Hedge Funds Stepping onto Mainstream Managers’ Turf

Institutional investors have increasingly turned to hedge funds to manage long-only mandates—and funds have been only too happy to oblige.

(December 2, 2013) — Institutional investors are increasingly demanding hedge fund managers run non-traditional hedge fund products and even their long only portfolios, according to a survey by Deutsche Bank.

This trend is in line with a central change in the way investors construct their portfolios: “Investors are moving away from ‘traditional’ asset allocation in favor of a ‘risk-based’ approach,” the report said. This shift pointed to a merging of alternatives into the core portfolio, thereby encouraging hedge fund managers to step into traditional asset managers’ roles.
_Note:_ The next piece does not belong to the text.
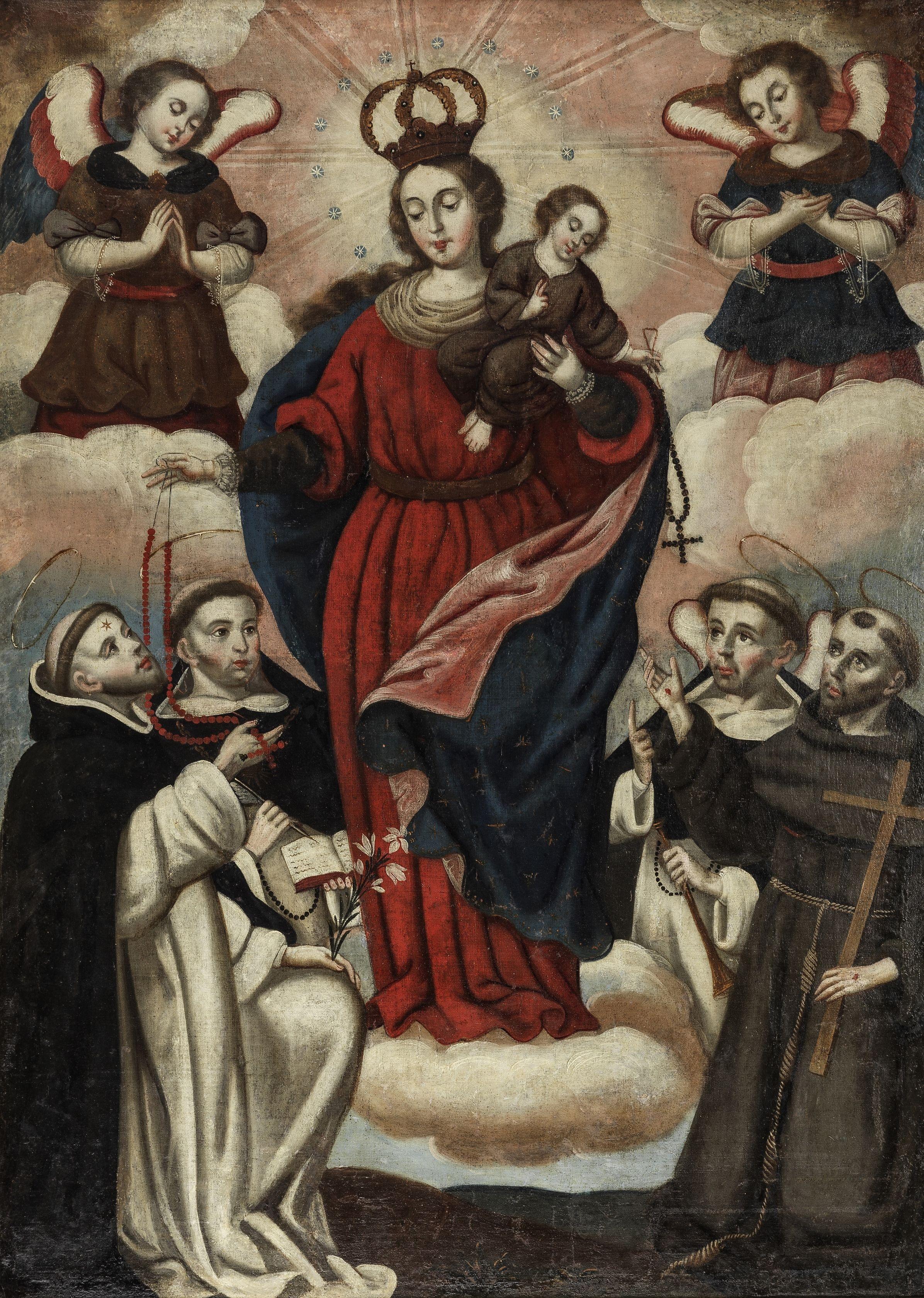 Vierge avec anges, trois dominicains et un franciscain, huile sur toile, 100x73 cm. Provenance: collection particulière, Genève (fin années 1970)

The result was a forging of a stronger bond between clients and hedge funds with managers branching out further for opportunities in liquid alternatives, including alternative 40 Act mutual funds and alternative UCITS funds.

Deutsche Bank found that among the 200 global institutional investors surveyed—with $1.9 trillion in total assets under management (AUM)—more than half already allocated to non-traditional hedge fund products. Of these, 36% invested in long-only strategies and another third in liquid alternatives run by hedge fund managers. A little less than half said they plan to increase their allocations over the next 12 months.

“As institutional investors become ever more comfortable with hedge funds and other alternative investment managers, they will increasingly seek out trusted hedge fund partners to help run not only their alternatives exposure, but their long only portfolios as well,” the report said.

This phenomenon was especially true for large, well-established managers: 81% of managers with more than $5 billion in AUM have already established at least one non-traditional hedge fund product.

But this idea is not new. More than three-quarters (77%) of managers reported having three years of experience managing these strategies, including 40% with backgrounds stretching more than a decade.

“Managers with extensive resources, experience and brand loyalty are well-placed to respond to growing client demand for bespoke products,” the report said.

The survey found clients’ requests were the key factor for hedge fund managers to step outside their regular roles. More than a quarter of investors reported to have asked a hedge fund to run a separately managed long-only or liquid alternatives vehicle—30% said they are considering diversifying their business.

However, managers will have to overcome the challenge of raising assets for non-traditional products, Deutsche Bank said, when moving into mainstream asset management.

Investors, on the other hand, said increased liquidity was the largest reason for investing in alternatives and regarded ‘manager skill and expertise’ as the most appealing aspect of having a hedge fund allocate their long only portfolios.

“With a variety of new growth channels, we expect hedge funds to become an ever more formidable part of the wider asset management industry in the years to come,” the report said.